Работа уборщицы нелегкая, попробуй, потри полы в конторе!

За твою доброту и чуткость к людям, за твое добросовестное отношение к работе тебя в поселке уважают и всегда рады поприветствовать.

Я помню, какая ты была грустная, когда провожала нас в училище. Так и хотелось забрать тебя с собой! И сколько тепла было в твоих письмах и частых посылках!

А каким вниманием и лаской ты окружаешь нас, когда мы приезжаем на побывку.

Дорогая редакция, мы были бы очень рады, если бы вы напечатали наше письмо, нашу благодарность нашей второй маме Махиной Елене Илларионовне (отец так и не расписался с ней, но от этого она нам еще дороже), этой простой донской казачке, не согнувшейся ни от каких жизненных испытаний!

С курсантским приветом, Юрий и Геннадий Бабаевские

 

Письмо скверной девчонки

 

Дорогая редакция!

Мне двадцать лет. Работаю разнорабочей. Живу на квартире. Снимаю.

Что заставило меня написать вам? Я хоть и не выписываю “Комсомольскую правду”, но часто ее читаю. И скажу вам, что не все в ней правда, что напечатано.

Никогда не поверю, что девчонка выдала свою мать. Обличила ее в краже. Так мать же для нее старалась! И вот такая “благодарность”!

А вообще красть просто и даже интересно. Представьте, идет молодой, элегантный парень. Он рассеян и небрежен. Стоит только посмотреть на него, и сразу поймешь, что разиня.

Тогда тебе не представляет труда залезть двумя пальцами в карман брюк и вытащить бумажник. А в нем десятка или пятерка. Конечно немного, но все же деньги!

А потом со стороны интересно наблюдать, как он, этот стиляга, захотев мороженого, с ужасом хватается за карманы, бледнеет, краснеет. И под конец выдыхает: “Украли, деньги украли!”

А ты стоишь в сторонке, поодаль и хохочешь до слез.

А таких растяп немало. Так что, лишь бы уметь красть! Я иногда так вытаскиваю, что тот, у кого я тащу, даже разговаривает со мной и улыбается.

Я, разумеется, тоже смеюсь.
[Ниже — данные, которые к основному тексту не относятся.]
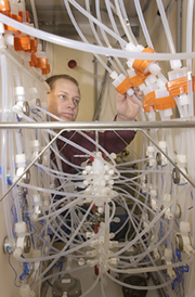 "Replication is important to test abatement technology," said Heber, who has one of only six laboratories in the country that studies emissions connected with odor. "If you want to modify a diet, then we want to know if the new diet will affect emissions from a pig. To do this, you need at least two rooms with the new diet and two rooms with the old diet. This building allows proper replication." Emissions of animal waste-caused pollutants that emanate from livestock facilities include particulate matter, ammonia, hydrogen sulfide, methane, carbon dioxide and nitrous oxide, which is a byproduct of ammonia. The latter three are considered greenhouse gases, which are at least partially responsible for global climate changes. Monitoring of emissions at the Purdue swine research facility is performed unmanned around the clock. Samples of gas are picked up at 25 places in the barn using a new $50,000 device, purchased through a USDA grant, that measures ammonia and greenhouse gases. Although the EPA doesn't regulate odors, it does restrict emission amounts of odor-causing chemicals. Any facility emitting more than 100 pounds per day of either or both hydrogen sulfide and ammonia must report it to the EPA. The fine for exceeding this amount is $27,000 per day. Approximately 3,500 pigs can generate 100 pounds of ammonia per day, Heber said. Though he uses sophisticated methods for sampling and measuring the chemicals that create odor, Heber uses the human nose to determine the nuisance factor. The researchers bag the odor and then take the bags to campus where eight panelists each take a whiff. A $30,000 ofactometer dilutes the odor in the bag with odor-free air in order to determine how much smell is offensive. "We determine each panelist's odor threshold." Heber said. "For example, in some cases we might have to dilute the odor 500 times before they can't smell it. For another person it might be 1,000 times." Complaints from private citizens and municipalities, including several lawsuits against livestock farms, led to calls for setting emission standards and for methods to efficiently measure waste, odor and other pollutants, Heber said. Richert, Heber and their research teams are delving into the best ways to mitigate emission problems. "There are several ways to measure ammonia, and we are using top-of-the-line, EPA-approved instruments that use a chemiluminescence method that mixes nitrous oxide with ozone to create a glow," Heber said. "We also use an infrared method and similar methods for hydrogen sulfide." The 12 identical rooms at the facility house hogs that can be fed diets with varying ingredients. Different recipes can contribute to varying amounts of manure, urine, the various resulting chemicals and gases, and also animal growth. Airflow in the barn research rooms is controlled and management of animal waste is varied to determine how various practices impact emissions into air and water. The temperature is controlled in a way as similar to an average large livestock barn as possible. "The fans are computer controlled, so we know exactly the fan and the air exchange rates. Then we can sample the gases and determine exact emission rates for any compound we're monitoring," Richert said. "We've mimicked exactly what the industry has today, so we think we'll have the best data available." The location of the barns - whether in a valley or on a hill or surrounded by trees or entirely out in the open - also must be considered when determining the effect of the particulate matter, chemical and/or odor a livestock facility is ultimately emitting, Richert and Heber said. The method used and how often livestock waste is disposed of also plays a part in air emissions and water pollution. "All those things come into play," Richert said. "If a facility ventilated by fans has a tree line, a tree line can deflect everything up and dilute it. If there is no tree line, the fans can blow directly across a field or a road and the neighbors will smell it." Combining all of the data from the research barn and from the bags gives the scientists ways to calculate how far away a livestock facility must be from a neighbor to minimize the odor, and also helps adjust management and feed practices to negate the facility's environmental impact, Heber said. "We are addressing the odor nuisance problem, and this building allows us to measure odor concentration directly," he said. "If we know the odor concentration and the airflow through the fan, we can calculate the odor emissions. So we very carefully measure both the concentration of the pollutant in the air going out of the building and the air flow in the barn. "We're establishing and refining methods and techniques that are being used around the country. Hopefully our measurement protocol will become the official EPA standard." Although the Purdue Swine Environmental Research Building will be dealing only with pigs over the next two or three years, results may help cope with other livestock issues, and the facility itself someday may host studies on other farm animals, Richert said. The current projects to study the impact of diet on odor, excretion and air emission, and to establish baseline emission data for swine facilities, are funded by USDA and EPA grants totaling $500,000 and another grant from the USDA's Animal and Plant Health Inspection Service for $1.3 million. Writer: Susan A. Steeves, (765) 496-7481, ssteeves@purdue.edu Sources: Brian Richert, (765) 494-4837, brichert@purdue.edu Albert Heber, (765) 494-1214, heber@purdue.edu Ag Communications: (765) 494-2722; Beth Forbes, forbes@purdue.edu
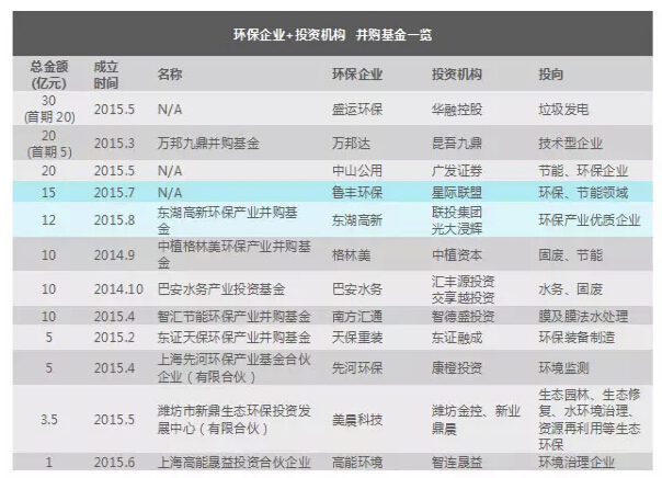 其次,資本方在環(huán)保并購市場的參與程度明顯提高。最突出的例子就是2014年以來大量出現(xiàn)的上市公司連同投資機構成立的環(huán)保并購基金。此類基金也是為并購大潮推波助瀾的力量。在標的溢價水平提高的情況下,這種基金有利于環(huán)保企業(yè)緩解資金壓力,實現(xiàn)杠桿收購。并且上市公司可以避免以自身作為直接的收購主體,在操作層面可以實現(xiàn)更加順暢和高效的收購。尤其是國資類上市公司的海外并購。截止目前約有15家上市公司聯(lián)合投資機構建立了環(huán)保并購基金,總規(guī)模已經(jīng)達到百億左右。并且不少基金已經(jīng)有所斬獲,如天保重裝對美國圣騎士環(huán)保,巴安水務對奧地利KWI公司的收購等。
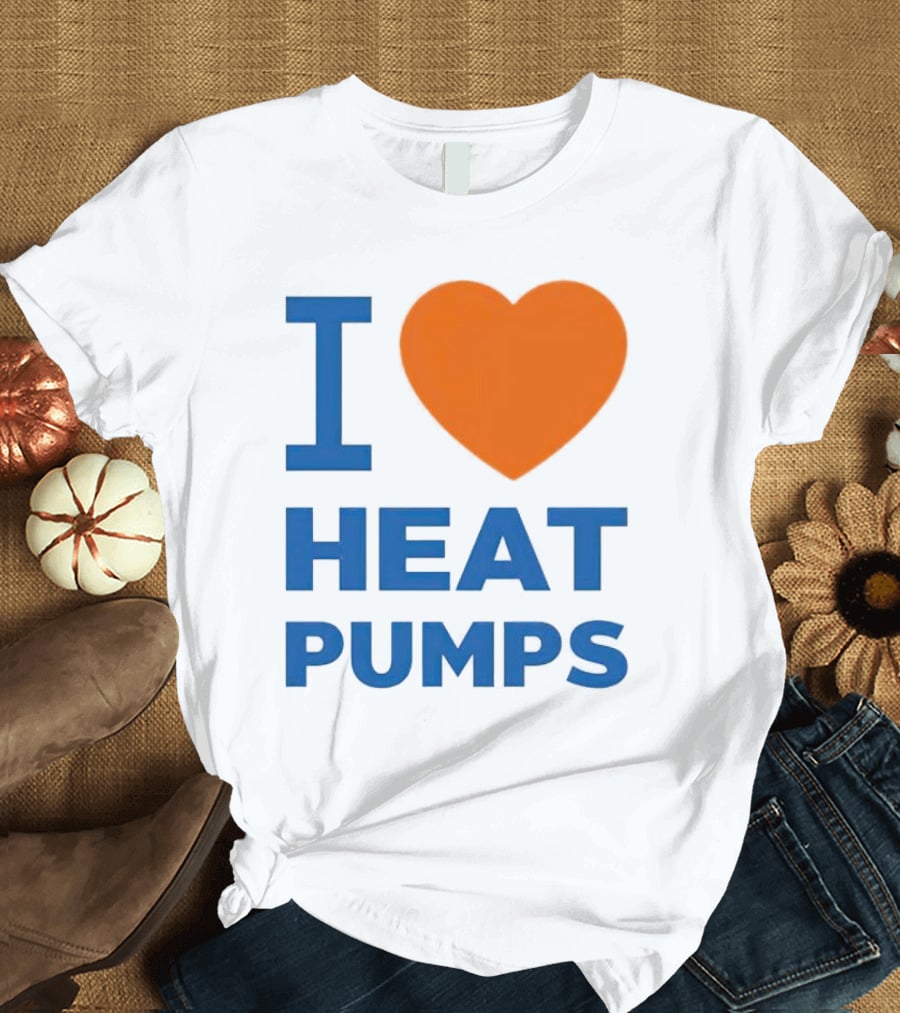 I Heart Heat Pumps Bold Blue Orange Shirt made from 100% pre-shrunk ring-spun cotton, unisex regular fit based on U.S. standard sizing. The shirt is designed, cut, sewn, and printed in the United States. Available in sizes S-5XL.
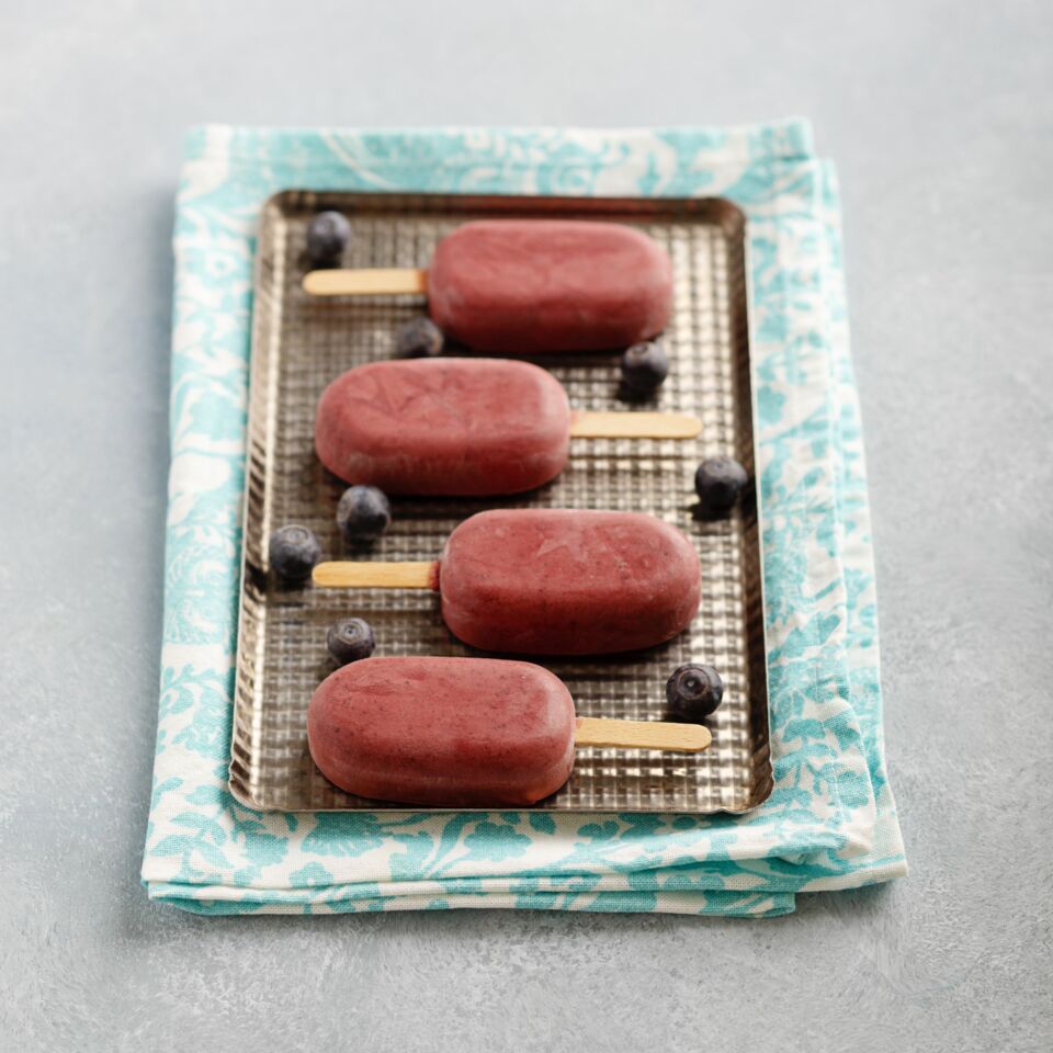 Heidelbeeren, Kokosmilch und Agavendicksaft in einen hohen Rührbecher geben und mit dem Mixstab fein pürieren. In vier Eisförmchen füllen und über Nacht tieffrieren. Zum Auslösen die Form in heißes Wasser stellen.
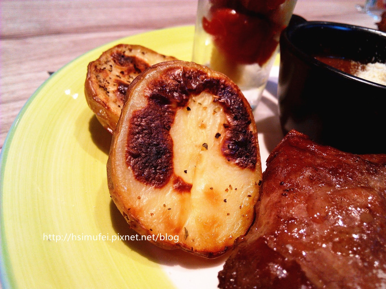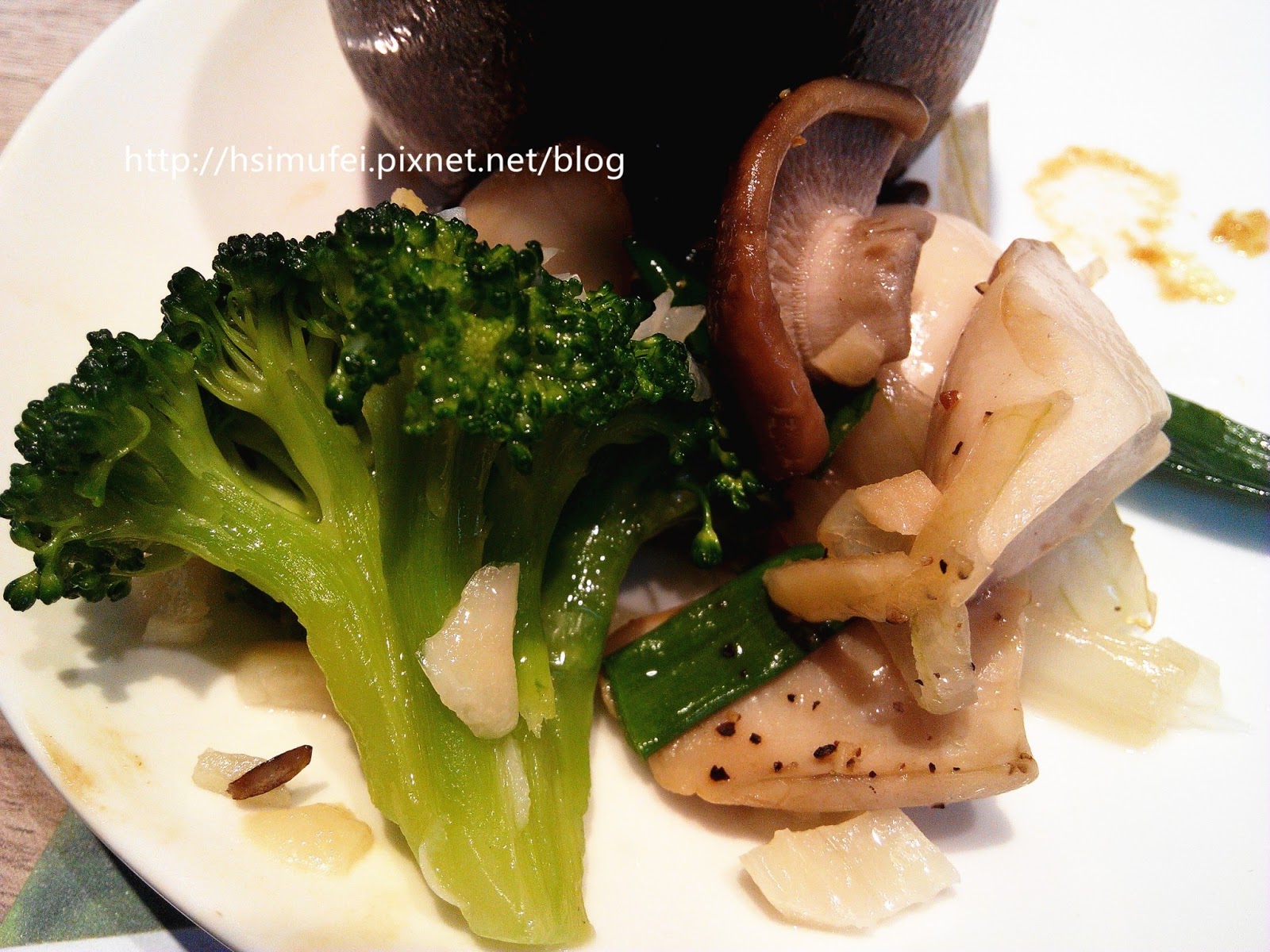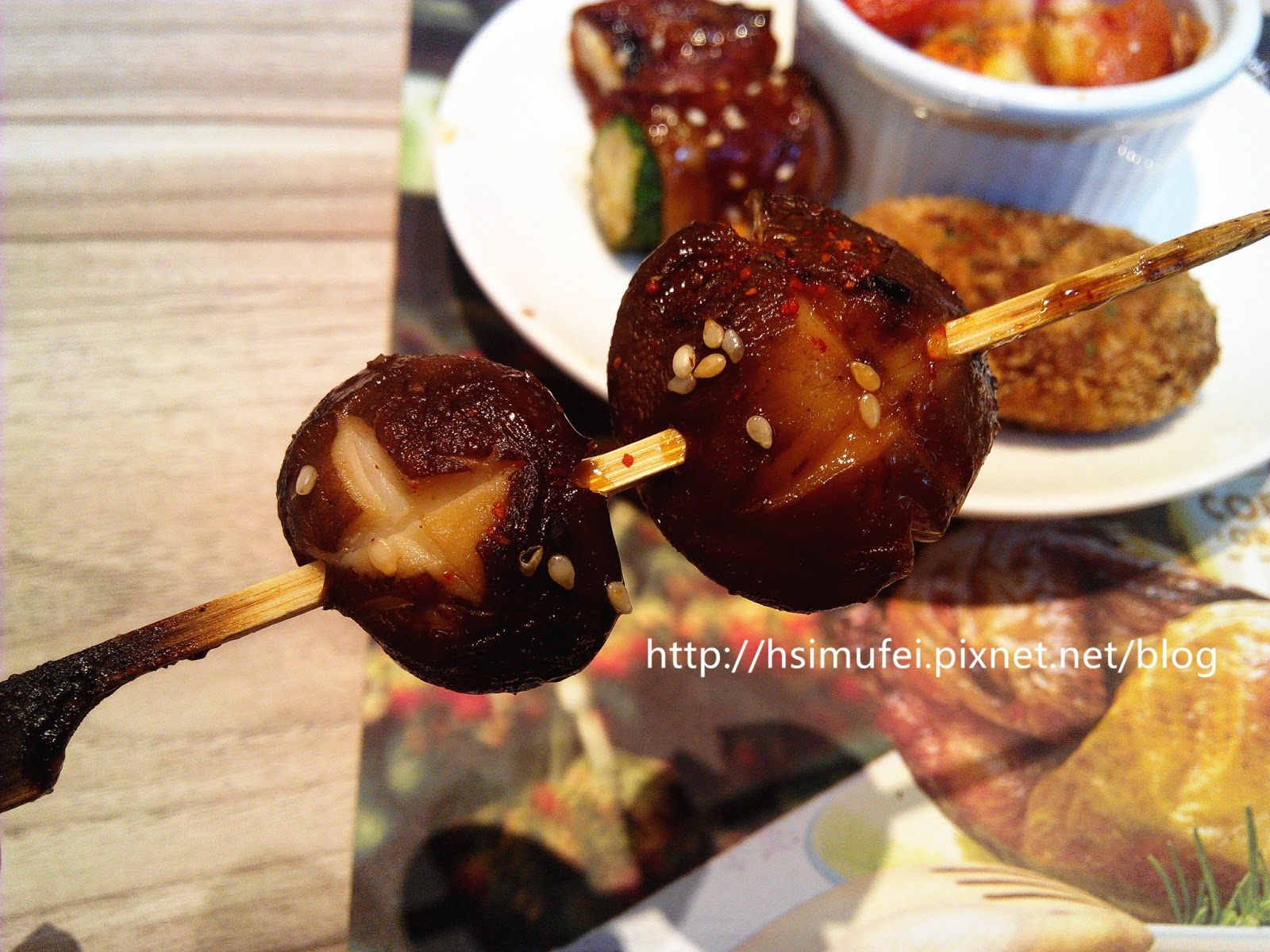 義式烤菇上均勻塗了鹹甜醬汁,口味微重,吃起來軟嫩潤口。

Только причина моего веселья известна лишь мне. Слава богу, что ученые еще не нашли способ разгадывать чужие мысли!

А убивать людей из-за денег не надо. Обчистить карманы и – все! А если убивать, то кто же будет зарабатывать деньги, чтобы можно было потом обчистить карманы? Нет, убивать – грех. Даже попы это говорят.

Я, сколько живу, уже раз двадцать вытаскивала деньги. Были и десятки и пятерки. Но я мечтаю о большем. Я хочу иметь миллионы! Что мне эти 90 рублей, которые мне платят за работу! Они ни в голове, нигде.

Одеваюсь я прилично, даже хорошо. Ни за что не скажешь: ворюга. Благодаря “прогулкам” я приоделась.

Я люблю выпить и хорошо поесть. А на это нужны деньги. Никак не могу подобрать подходящую компанию. Одной, признаться, “работать” скучно. А я страшно люблю повеселиться. А холуй, с которым я встречаюсь, только походит со мной по проспекту, ну, в кино сводит, поцелуй, и все!

А я нуждаюсь в гораздо большем: ресторан, кафе, водки побольше, музыку, чтоб в голове шумело, теплую постель. Я имею в виду, чтобы он предоставил мне все удобства. Иначе чувствуешь себя стесненно, короче дураком!

И не обязательно расписываться в ЗАГСе, чтобы жить семейно. Ведь семья – это такая скука! Дети, пеленки, фу, какая гадость! Другое дело: гуляй, пей, воруй. Живи в свое удовольствие!

Раньше я, конечно, такой не была. Я была скромной, стеснительной. И мечтала стать певицей.

Петь я любила страстно. Даже записалась в хор. А потом подумала: “Для кого я буду петь? Для этих олухов? Ни за что!” И бросила. Я ненавижу людей. Потому что они все подлые, отвратительные. Я и сейчас пою. Только свои, блатные.

Правда, когда мне удается стянуть порядочную бумажку, сердце мое смягчается к людям. И я готова их даже расцеловать.

Развратом я не занимаюсь. Потому что детей не хочу, морока с ними! А вот целуюсь в день по 100 раз. Это так приятно! Особенно, когда выпьешь коньяку.

Почему я вам написала? Потому что хочу подсказать вам, как жить. Неправильно вы живете, скучно. Все морали читаете.

А мне весело. Завидуйте мне!

Фамилию и адрес не пишу. Догадайтесь, почему.

1969 год.

 

Горе горькое по свету шлялося...

 

Дорогая редакция!

Прошу помочь разобраться в нашем деле.

Я Сердюк А. И. (бывшая Капустина) и мой родной брат Капустин Т. И. сейчас находимся в нашем родном селе Юрченково.

Сами мы воспитанники детского дома, где мы очутились во время коллективизации.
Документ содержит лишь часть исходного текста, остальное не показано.